BIRMINGHAM, Ala. (CN) — The last ship to bring slaves to the United States from Africa in 1860 was set ablaze near the mouth of the Mobile River following the illegal voyage, and a recent archaeological assessment of the sunken vessel revealed the charred timber and other parts that remain.
“We have just concluded the 10-day project to assess Clotilda. As you’ve heard, we did it on time, and we’ve made some interesting discoveries. With those discoveries have come additional questions,” James Delgado, maritime archaeologist with SEARCH Inc., said at a Thursday night meeting in Mobile, Alabama. “As the next few months unfold, given the number of scientists, the number of laboratories that we’re working with, answers will also come.”
Starting May 2, the Alabama Historical Commission, or AHC, conducted a scientific exploration of the infamous vessel, in partnership with SEARCH Inc., Diving with a Purpose, Resolve Marine, and others. Working from a large, red barge anchored near the wreckage, a series of scuba divers explored the site, retrieving timber and other artifacts from the muddy water.
According to Delgado, the project included a conservation analysis that required careful treatment of the retrieved pieces, including the disarticulated timbers that were found scattered outside the ship.
“As every timber came out, the way we worked this was basically a military style using the triage system,” he said. “What we would do is we would lay everything down on the deck of the barge directly adjacent to a large bin that was filled with river water. We didn’t want to take that timber out and then shock it basically and upset the equilibrium that might have preserved it by putting it into a different type of water. So, river water to river water, and we didn’t keep them out that long.”

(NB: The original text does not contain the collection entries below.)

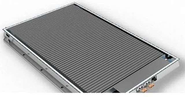 从图片上可以看出,每两排电芯之间放置有单根蛇形管,可对电芯的侧面进行冷却,其方向是垂直于行车方向,即沿车身宽度方向。这样做的好处是可以缩短蛇形管的长度,减少流阻,增加冷却均匀性。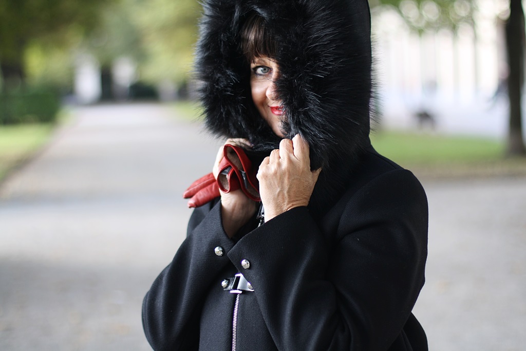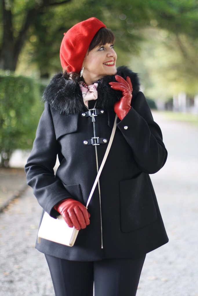 Heute bin ich – fast – im Komplettlook SCHWARZ unterwegs. Nun ja, nicht ganz. Ein bisschen Rot darf auf gar keinen Fall fehlen. Mit meiner roten Mütze und meinen roten Handschuhen setze ich Akzente, die sicherlich gleich ins Auge fallen. Der Schal spiegelt die Farben in zarten Rottönen zusätzlich wider.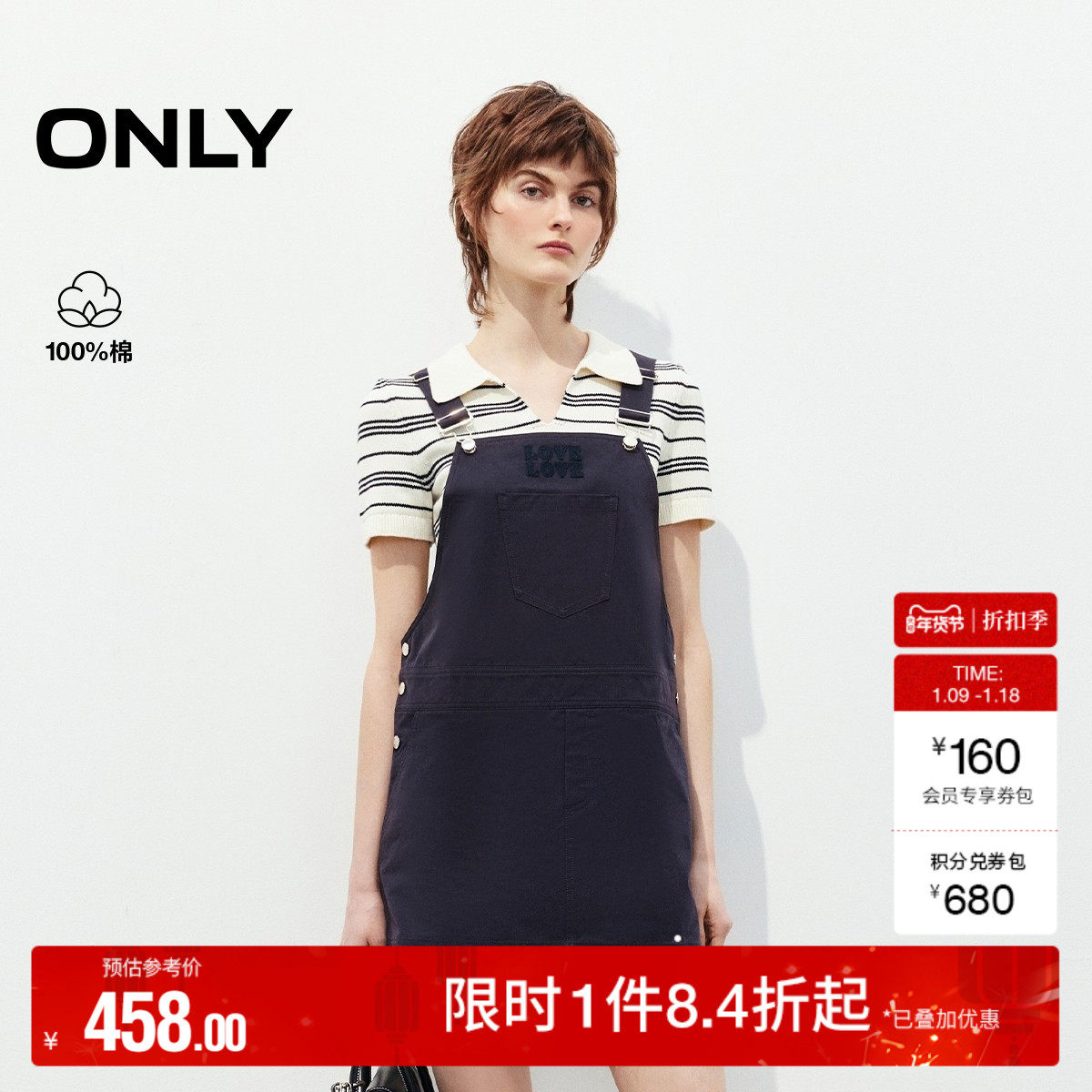 ONLY2025秋冬新款纯棉立体刺绣条纹针织短袖套装直筒背带连衣裙女

Before the scientific assessment could even begin, however, Delgado said the team had to remove the trees that had accumulated along the wreckage.
“Major focus at first was to gain access to Clotilda, for the first time being able to go into a variety of areas, but also to relieve the stress from the number of trees that have come down the river over the years and lodged against it or in it,” said Delgado.
The story of the Clotilda dates back to the eve of the American Civil War, when the importation of slaves had already been banned approximately five decades before. An Alabama plantation owner named Timothy Meaher masterminded the affair, in which 110 slaves were brought back across the Atlantic Ocean from the African country now known as Benin. Having completed the trip, the perpetrators burned and scuttled the Clotilda somewhere in the swampy waters of the Mobile-Tensaw Delta in effort to hide the evidence of their crime.
For years afterwards, the ship’s exact whereabouts remained something of a maritime mystery until its wooden remains were positively identified in May of 2019, after a local journalist named Ben Raines had located the ship a year before.
According to Delgado, the latest exploration revealed several significant pieces that further confirmed the identity of the wreckage and provided additional clues into the ship’s destruction.
“We did find more diagnostic artifacts that, of course, spoke more to the fact that, yes, this is Clotilda. We found more material, more wood now that was very definitely burned,” he said.
Divers also recovered a lead pipe, which was preliminarily identified as being a hawse pipe used for raising and lowering the anchor, as well as a cast iron pulley that was most likely a piece of the ship’s steering mechanism.